Neither of the two solutions proposed are probably optimal, BUT solution 1 is UNPREDICTABLE and thus INHERENTLY FLAWED!
One of the first things you learn when dealing with large databases is that 'the best way' to do a query is often dependent upon factors (referred to as meta-data) within the database:
How many rows there are.
How many tables you are querying.
The size of each row.
Because of this, there's unlikely to be a silver bullet solution for your problem. Your database is not the same as my database, you will need to benchmark different optimizations if you need the best performance available.
You will probably find that applying & building correct indexes (and understanding the native implementation of indexes in MySQL) in your database does a lot more for you.
There are some golden rules with queries which should rarely be broken:
Don't do them in loop structures. As tempting as it often is, the overhead on creating a connection, executing a query and getting a response is high.
Avoid SELECT * unless needed. Selecting more columns will significantly increase overhead of your SQL operations.
Know thy indexes. Use the EXPLAIN feature so that you can see which indexes are being used, optimize your queries to use what's available and create new ones.
Because of this, of the two I'd go for the second query (replacing SELECT * with only the columns you want), but there are probably better ways to structure the query if you have the time to optimize.

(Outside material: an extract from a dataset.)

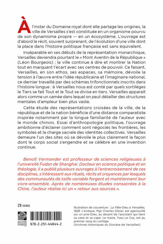 A l'instar du Domaine royal dont elle partage les origines, la ville de Versailles s'est constituee en un organisme pourvu de son dynamisme propre - en un ecosysteme. L'ouvrage est d'abord le recit, souvent surprenant, de l'evolution d'une ville dont la place dans l'histoire politique francaise est sans equivalent. Inseparable en ses debuts de la representation monarchique, Versailles deviendra pourtant le Mont Aventin de la Republique (Leon Bourgeois); la ville continue a dire et montrer la Nation tout en marquant l'ecart avec ses centres de pouvoir. Ce faisant, Versailles, en son ethos, ses espaces, sa memoire, devoile la tension a l'oeuvre entre l'Idee republicaine et l'imaginaire national, ce dernier travaille par des schemes trifonctionnels inscrits dans l'histoire longue: a Versailles nous est conte par quels sortileges le Tiers se fait Tout et le Tout se divise en tiers. Versailles apparait alors comme un camee dans lequel on peut detailler des structures mentales d'ampleur bien plus vaste. Cette etude des representations croisees de la ville, de la republique et de la nation beneficie d'une distance comparatiste inspiree notamment par la longue familiarite de l'auteur avec le monde chinois. Essai d'anthropologie politique, l'ouvrage ambitionne d'eclairer comment sont negocies les frontieres, les symboles et la charge sacrale des identites collectives. Versailles demeure l'un des sites ou se devoile le plus clairement la facon dont le corps social s'engendre et se celebre en une invention continue.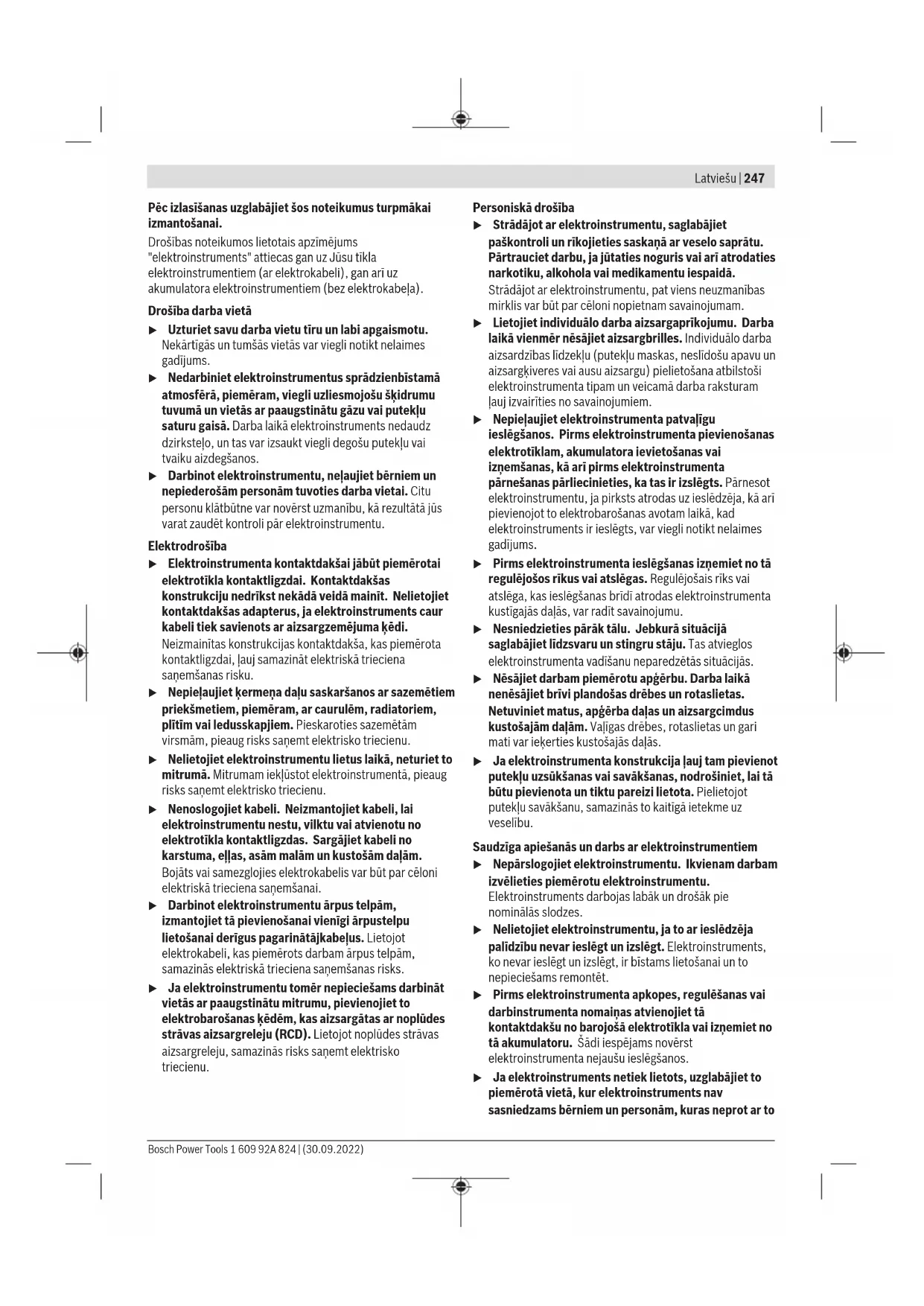 maks. . Ja Z maks. nav zināms, nosakiet Z maks. , konsultējoties ar tīkla piegādātāju vai piegādes iestādi. Informācija par troksni un vibrācijām Instrumenta radītā trokšņa parametri ir noteikti atbilstoši standartam EN60745‑2‑3. Pēc A raksturlīknes izsvērtais elektroinstrumenta radītā trokšņa parametri tipiskā gadījumā sasniedz šādas vērtības: Bosch Power Tools 1 609 92A 824 | (30.09.2022)252 | Latviešu skaņas spiediena līmenis 97 dB(A); skaņas jaudas līmenis 108 dB(A). Izkliede K = 3 dB. Nēsājiet ausu aizsargus! Kopējā vibrācijas paātrinājuma vērtība a

However, speed should NOT be your only consideration in this, there is a GREAT reason not to use suggestion one:
PREDICTABILITY: why read-locks are a good thing
One of the other answers suggests that having the table locked for a long period of time is a bad thing, and that therefore the multiple-query solution is good.
I would argue that this couldn't be further from the truth. In fact, I'd argue that in many cases the predictability of running a single locking SELECT query is a greater argument FOR running that query than the optimization & speed benefits.
First of all, when we run a SELECT (read-only) query on a MyISAM or InnoDB database (default systems for MySQL), what happens is that the table is read-locked. This prevents any WRITE operations from happening on the table until the read-lock is surrendered (either our SELECT query completes or fails). Other SELECT queries are not affected, so if you're running a multi-threaded application, they will continue to work.
This delay is a GOOD thing. Why, you may ask? Relational data integrity.
Let's take an example: we're running an operation to get a list of items currently in the inventory of a bunch of users on a game, so we do this join:
SELECT * FROM `users` JOIN `items` ON `users`.`id`=`items`.`inventory_id` WHERE `users`.`logged_in` = 1;
What happens if, during this query operation, a user trades an item to another user? Using this query, we see the game state as it was when we started the query: the item exists once, in the inventory of the user who had it before we ran the query.
But, what happens if we're running it in a loop?
Depending on whether the user traded it before or after we read his details, and in which order we read the inventory of the two players, there are four possibilities:
The item could be shown in the first user's inventory (scan user B -> scan user A -> item traded OR scan user B -> scan user A -> item traded).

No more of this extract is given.